To: "Birding Aus" <>
Subject: Autumn birds in the garden
From: "Bill Jolly" <>
Date: Sat, 16 Mar 2002 10:54:48 +1000
How timely were David Geering's thoughts about the changing season!

It doesn't matter what the date is on the calendar, there is a recognisable,
definable day when it becomes clear to a birder that, at least in one's own
garden, Autumn has arrived and Summer has gone. And for me in this part of
Queensland, it seems to have been the same day as it was for David a long
way south of here.

The specifics will be different, the particular birds which have started to
turn up, the ones that have moved on, or just the different habits of the
ones that are always here, but in our respective gardens maybe a thousand
kilometres apart, the same trend is picking up apace.

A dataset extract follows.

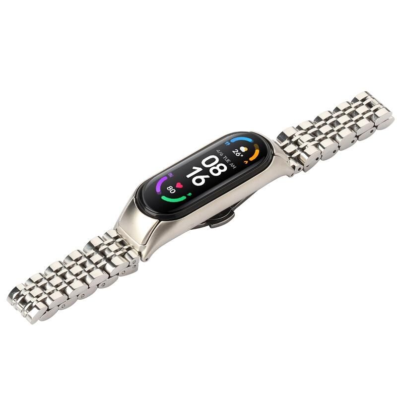 For Xiaomi Mi Band 4 / 3 Seven-beads Stainless Steel Watch Band(Silver)

Yesterday was a marvellous Autumn day. Lots of activity from a host of
regulars, but with an extra level of busyness courtesy of an immaculately
smart and noisy Restless Flycatcher around the house all day, a glistening
and equally noisy Spangled Drongo, a brightly coloured Fan-tailed Cuckoo
sitting quietly in a tree close to the house, and a host of Rainbow
Bee-eaters describing chattering arcs over the creek. (The bee-eaters are
here all year, but they seem to get reinforcements in Autumn, maybe from
David's garden!).

It was all uplifting in just the same way that the first real day of Summer
is uplifting. Old friends turning up yet again and more than compensating
for the loss of the Koels and the Channel-billed Cuckoos - (Dollarbirds and
Sacred Kingfishers are still here).

Autumn in this garden isn't really less busy than Summer, just different. A
lot of our resident birds are just beginning to call and show themselves
more than they do in Summer - Striated Pardalotes are calling all day at
present, as are Brown Quail. A raucous party of Blue-faced Honeyeaters lit
up the garden yesterday, with colour and noise, White-throated Honeyeaters
did the same thing on a smaller scale, White-throated Gerygones and Yellow
Thornbills are active higher in the trees, as are visiting parties of Varied
Sitellas.

Meanwhile, Azure Kingfishers, lorikeets, fairy-wrens, rosellas and all the
regulars carry on as usual. Our March species list for the garden is usually
in the upper 90s. (The all-up garden list stands at 193, but the highest
monthly count is 111).

So, all in all, today, I think March is my favourite month!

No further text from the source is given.